Put an AI gateway between your teams and the model APIs. Instead of every team holding keys directly to Anthropic, OpenAI, and Google, route all model traffic through a central gateway that handles authentication, logging, rate limiting, and cost attribution.

Three options worth knowing:

LiteLLM Proxy is open-source and self-hosted. The core proxy is free. Full RBAC, SSO integration, and audit logging are enterprise-tier features, sold separately. Most flexible for organizations that want to own their infrastructure and are not paying for a SaaS layer.

Portkey offers a managed cloud tier and a fully open-source self-hosted option (Apache 2.0 as of March 2026). Acquired by Palo Alto Networks in April 2026, which strengthens its enterprise security credentials. Observability, RBAC, SOC 2, and HIPAA coverage are on the managed tier.

Azure API Management works well as an LLM gateway for organizations already on Azure. Entra ID handles authentication natively, and logs go directly into Azure Monitor and Microsoft Sentinel.

Any of these means the control surface shifts from a shared API key to an authenticated user session tied to your identity provider. That is the change that makes auditing possible.

For AI tools employees use directly, use the enterprise tiers with SSO. Claude Enterprise supports SAML and SCIM. ChatGPT Enterprise supports SAML. Gemini for Workspace inherits Google Workspace identity. Every chat session gets attributed to a real user in your directory, and access is governed by the same lifecycle policies as your other enterprise software.

Define your logging minimum. At a minimum: user identity, timestamp, model, token counts, use-case tag, and whether the response was accepted or regenerated. For regulated environments, add prompt content hashing or full capture depending on your retention policy. Those logs need to land in your SIEM, not in a vendor dashboard you might lose access to.

Assign a service account per application. One key for the HR summarization tool, a separate one for the code review tool. A compromised key scoped to a known use case is manageable. A compromised key with access to the organization's entire model budget is not. Rotate keys automatically through Azure Key Vault, AWS Secrets Manager, or HashiCorp Vault.

The difference between an AI deployment and an auditable one is a gateway and a log pipeline. Both are deployable in a week without changing how your teams build.

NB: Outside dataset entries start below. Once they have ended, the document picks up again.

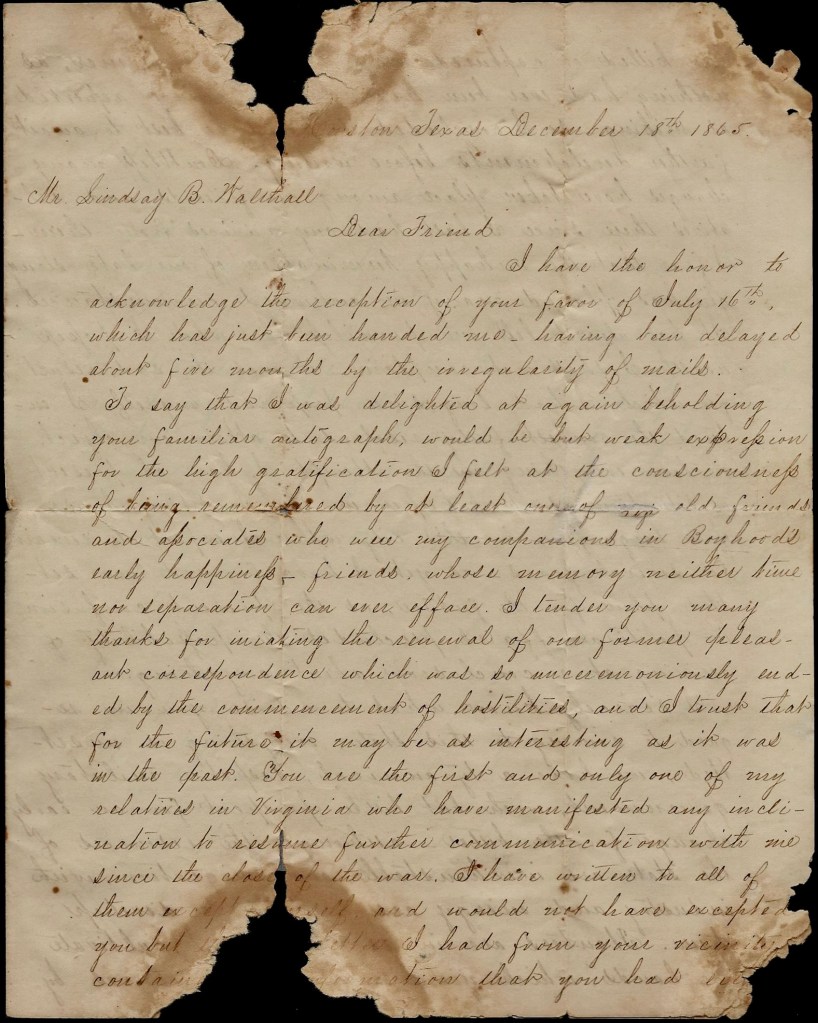 You are the first and only one of my relatives in Virginia who have manifested any inclination to resume further communication with me since the close of the war. I have written to all of them except yourself and would not have excepted you but the last letter I had from your vicinity contained information that you been killed or captured—most likely the former, as nothing had ever been heard from you since reported as missing. So I concluded it would be best to await further developments before writing.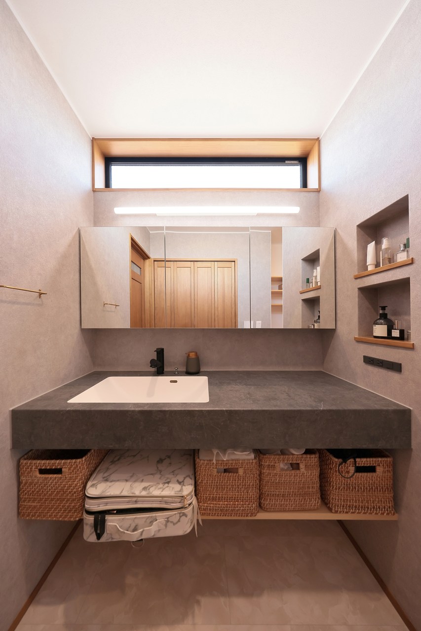 インスタなどSNSで調べていいなと思った施工事例を参考に打ち合わせに臨んでいたのですが、ショールームにもたくさん足を運び、洗面台やハイドアの建具など、自分たちの好みを探すのはとても楽しかったです。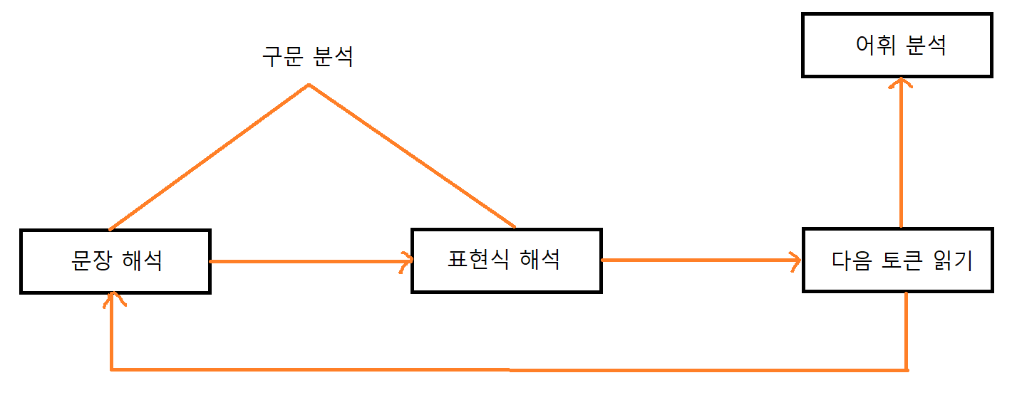 이때 구문 분석은 문장 해석 -> 표현식 해석을 주로 담당하고, 어휘 분석은 다음 토큰 읽기를 담당합니다.

The token bill that blindsided finance. Here is how to govern it.

Cloud compute has a cost model your FinOps team understands. Provision a VM and you pay for uptime. Over-provision and you waste money proportionally. Visible, bounded, predictable.

AI API spend does not work that way.

An LLM API charges per token, not per hour. Input and output tokens have different rates. Different models differ by an order of magnitude on the same task. An agent that calls a tool, encounters an error, retries, calls a second tool, and loops through its reasoning before producing output may consume twenty times the tokens of a direct query. A workflow processing documents with large contexts can produce a bill that looks like nothing in your existing cloud cost model.

I covered the mechanics in my earlier piece on tokenomics. The pattern is consistent: a team deploys AI to a hundred developers or knowledge workers, nobody establishes cost awareness, and three months later finance flags a line item that has gone from $5,000 a month to $85,000. Nobody can explain it because nobody was watching.

A hard spend cap is the wrong response. A cap records what you spent. It says nothing about what you got. It also pushes developers to personal accounts to keep working, which recreates the shadow AI problem you were trying to solve. The right response is visibility first, then governance.

What to actually do

Start with tagging. Every API call should carry a cost center tag, a team tag, and a use-case tag. Azure OpenAI and AWS Bedrock both support cost allocation tags that surface in cloud billing dashboards. Run your traffic through LiteLLM and that metadata flows through to whatever observability system you connect it to. You cannot govern what you cannot see.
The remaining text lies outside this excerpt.